I thought I will share this photograph of me and the other head of delegation after completing our negotiations. We had to turn around as the lady officers wanted to take a photograph of us away from another group on the other side.

Alhamdulillah, we have completed the negotiations and agreed on the final text after two days of negotiations. The agreement can now be signed after it has gone through the approval process by both countries. In the next few months, hopefully it will be signed by whoever is appointed by both countries to sign - usually the Minister of Foreign Affairs or Minister of Finance depending on who is available.

How do two countries decide to sign an agreement and what are the processes? Someone asked me that and I thought this will be a good opportunity for me to reply.

Usually the two countries will contact each other through their diplomatic representatives and the countries' Ministries of Foreign Affairs that they want to complete an agreement. The two countries will send their own versions of what the agreement should look like. Even though the two countries had agreed on the agreement topic, the two draft agreement texts would vary taking into account the priority needs of each country. So a date would be set so that the two countries can take a look at both texts and try to hammer out a new text with common provisions that both countries can agree on. Depending on the complexity of the agreement, the mood of the negotiators and other factors, some agreements can take more than a few rounds. Each round takes about 2 to 3 days. If you take into account the flying time and other factors, it can be quite tiring to complete an agreement.

Once the two countries agree on the final text, the approval process for signing comes into place. For Brunei and similar to most countries, the agreed text would be sent to the Attorney General for legal clearance and translation to Malay (other countries translate to their own languages too). After legal clearance, it gets sent to the Cabinet for approval. Once approval is received, the document is now ready for it to be signed. Normally the Ministry of Foreign Affairs advised the best time for it to be signed. It could be signed during State Visits or Official Visits where a Minister will be designated to sign it or if there is an urgency, the Ambassador can be designated to sign.

After signing, the agreement is not yet in force. The agreement has to be ratified and goes through a ratification process. Most countries do it through the legislative assembly and a new law or legislation is prepared as that agreement will now supercede the country's legislations. So if there is an agreement on taxation and exemptions are given under the agreement, that agreement will override the country's tax laws even if that tax laws do not contain the exemption provisions.

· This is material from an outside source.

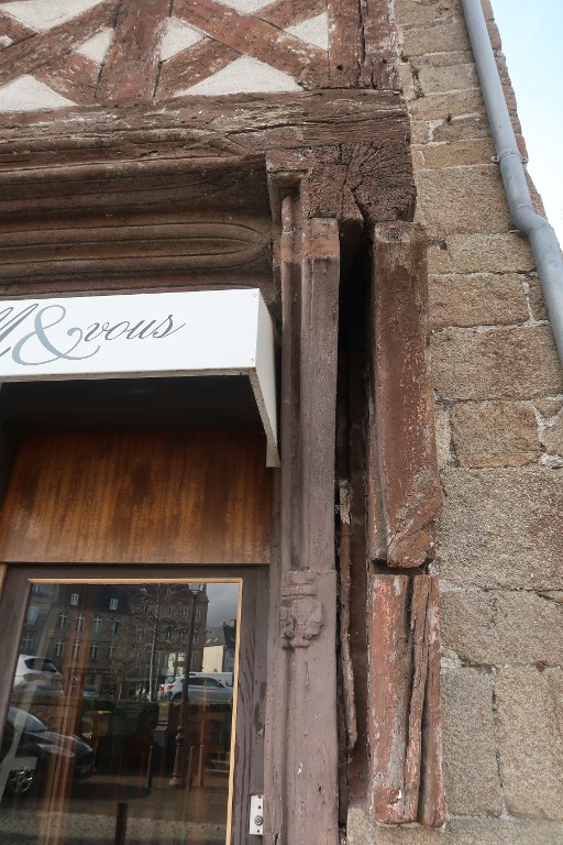 Le décor sculpté sur l'encorbellement se poursuit en partie gauche du poteau cornier du rez-de-chaussée.Immatriculation

The ratification process includes preparing a new law to be approved by the legislative assembly of that country. In Brunei's case since the legislative assembly is currently only approving appropriation bills (budget and spending laws), the ratification process goes back to the cabinet. After the agreement is ratified, then only it will enter into force. The agreement will now become a public document and can be accessed by anyone. In Brunei it will be gazetted in the Government Gazette which you can buy for $5 from either the Printing Department or the Legal Department.

So, there you go. Now you know what I do everytime I disappear for a few days from Brunei. It is not to have a holiday but to have an agreement that will benefit Brunei and its economy.